Thus, an argument that seemed at first to rest upon puerile reasoning turned out to be deep and cunning. The immediate use of it was to defend the unconstitutional Korean precedent, namely, the declaration of war as an act of the President’s own will. Yet it was not invented for that purpose alone. It stands as a forecast of executive intentions, a manifestation of the executive mind, a mortal challenge to the parliamentary principle…

If you think about recent history, this method of operation is used to this day at all levels of government.

Garrett then turns to the question of what our government has become. He writes,

If you may have Empire with or without a constitution, even within the form of a republican constitution, and if also you may have Empire with or without an emperor, then how may the true marks of Empire be distinguished with certainty? What are they?

Next, he lays out the requirements of empire,

1) The executive power of government shall be dominant.

2) Domestic policy becomes subordinate to foreign policy.

3) Ascendancy of the military mind, to such a point …that the civilian mind is intimidated.

4) [It acquires] a system of satellite nations.

5) [It is in thrall to a combination] of [boasting] and fear.

6) [It] finds itself a prisoner of history.

Expanding on each of these at length, Garrett writes,

1) The executive power of government shall be dominant.

What Empire needs above all in government is an executive power that can make immediate decisions, such as a decision in the middle of the night by the President to declare war on the aggressor…

The Federal income-tax law of 1914 gave the government unlimited access to wealth and, moreover, power for the first time to levy taxes not for revenue only but for social purposes, …for redistribution of the national wealth.

Congress received from the White House laws that were marked “must.” Its principal function was to enact and [fund] them. The part of the Supreme Court was to make everything square with the Constitution by a liberal reinterpretation of its language.

The word executive came to have its new connotation. For all the years before when you spoke of the executive power of government you meant only the power to execute and administer the laws.
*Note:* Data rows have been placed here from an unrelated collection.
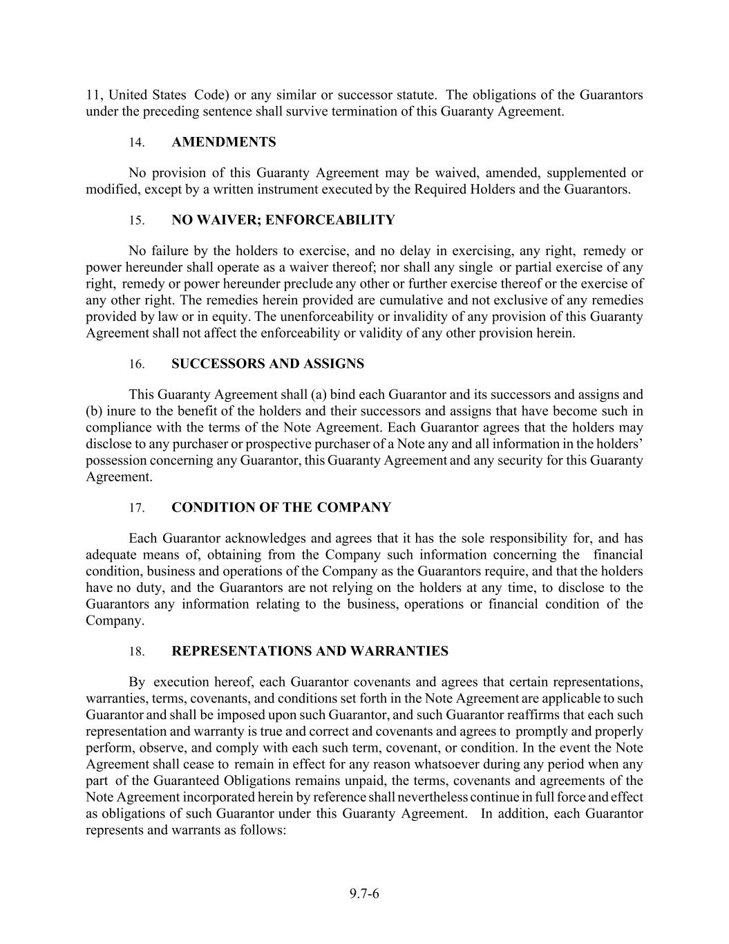 9.7-6 11, United States Code) or any similar or successor statute. The obligations of the Guarantors under the preceding sentence shall survive termination of this Guaranty Agreement. 14. AMENDMENTS No provision of this Guaranty Agreement may be waived, amended, supplemented or modified, except by a written instrument executed by the Required Holders and the Guarantors. 15. NO WAIVER; ENFORCEABILITY No failure by the holders to exercise, and no delay in exercising, any right, remedy or power hereunder shall operate as a waiver thereof; nor shall any single or partial exercise of any right, remedy or power hereunder preclude any other or further exercise thereof or the exercise of any other right. The remedies herein provided are cumulative and not exclusive of any remedies provided by law or in equity. The unenforceability or invalidity of any provision of this Guaranty Agreement shall not affect the enforceability or validity of any other provision herein. 16. SUCCESSORS AND ASSIGNS This Guaranty Agreement shall (a) bind each Guarantor and its successors and assigns and (b) inure to the benefit of the holders and their successors and assigns that have become such in compliance with the terms of the Note Agreement. Each Guarantor agrees that the holders may disclose to any purchaser or prospective purchaser of a Note any and all information in the holders’ possession concerning any Guarantor, this Guaranty Agreement and any security for this Guaranty Agreement. 17. CONDITION OF THE COMPANY Each Guarantor acknowledges and agrees that it has the sole responsibility for, and has adequate means of, obtaining from the Company such information concerning the financial condition, business and operations of the Company as the Guarantors require, and that the holders have no duty, and the Guarantors are not relying on the holders at any time, to disclose to the Guarantors any information relating to the business, operations or financial condition of the Company. 18. REPRESENTATIONS AND WARRANTIES By execution hereof, each Guarantor covenants and agrees that certain representations, warranties, terms, covenants, and conditions set forth in the Note Agreement are applicable to such Guarantor and shall be imposed upon such Guarantor, and such Guarantor reaffirms that each such representation and warranty is true and correct and covenants and agrees to promptly and properly perform, observe, and comply with each such term, covenant, or condition. In the event the Note Agreement shall cease to remain in effect for any reason whatsoever during any period when any part of the Guaranteed Obligations remains unpaid, the terms, covenants and agreements of the Note Agreement incorporated herein by reference shall nevertheless continue in full force and effect as obligations of such Guarantor under this Guaranty Agreement. In addition, each Guarantor represents and warrants as follows:
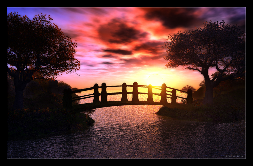 Die Farbvariante gefällt mir am besten. Die Stimmung ist hervorragend. Ich bin mir nur nicht so sicher ob die Geländerpfosten nicht zu stark für so eine filigrane Brücke sind. Irgendwie habe ich den Eindruck dass die Proportionen gestört sind.
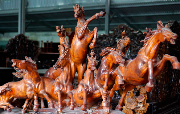 Từ khúc gỗ tìm được ở Tây Nguyên, anh Trần Đức Thuấn (47 tuổi, Hưng Yên) mang về chế tác thành bộ "Bát mã" được trả giá 7 tỷ đồng.
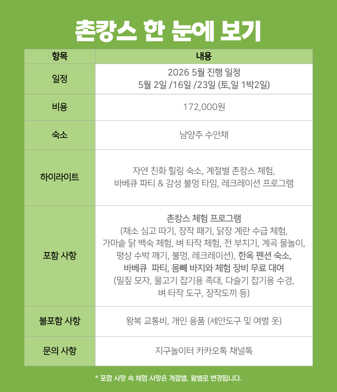 🌾5월 예정 체험🥬
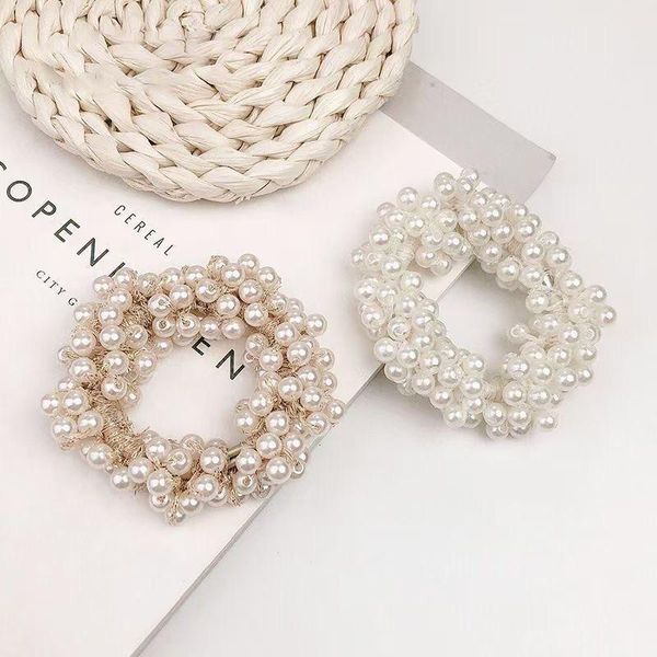 hair clips & barrettes fation woman big pearl ties fashion korean style hairband scrunchies girl holders rubber band accessories, Golden;silver

Henceforth it would mean the power to [rule].

No longer did the Congress of the United States speak for the people, but the President did, as head of the Executive Government. Garrett writes, “Thus the man who happens to be the embodiment of the executive principle stands between the Congress and the people and assumes the right to express [the people’s] will.”

Furthermore, he writes,

…The President acts directly upon the emotions and passions of the people to influence their thinking. As he controls Executive Government, so he controls the largest propaganda machine in the world, unless it be the Russian machine; and this machine is the exclusive possession of Executive Government.

The Congress has no propaganda apparatus at all and continually finds itself under pressure from the people who have been moved for or against something by the ideas and thought material broadcast in the land by the administrative bureaus in Washington.

Garrett concludes, “The result is Bureau Government, administered by bureaucrats who are not elected by the people…”

He then examines the ways that executive power expands.

(1) By delegation. That is when the Congress delegates one or more of its constitutional powers to the President and authorizes him to exercise them.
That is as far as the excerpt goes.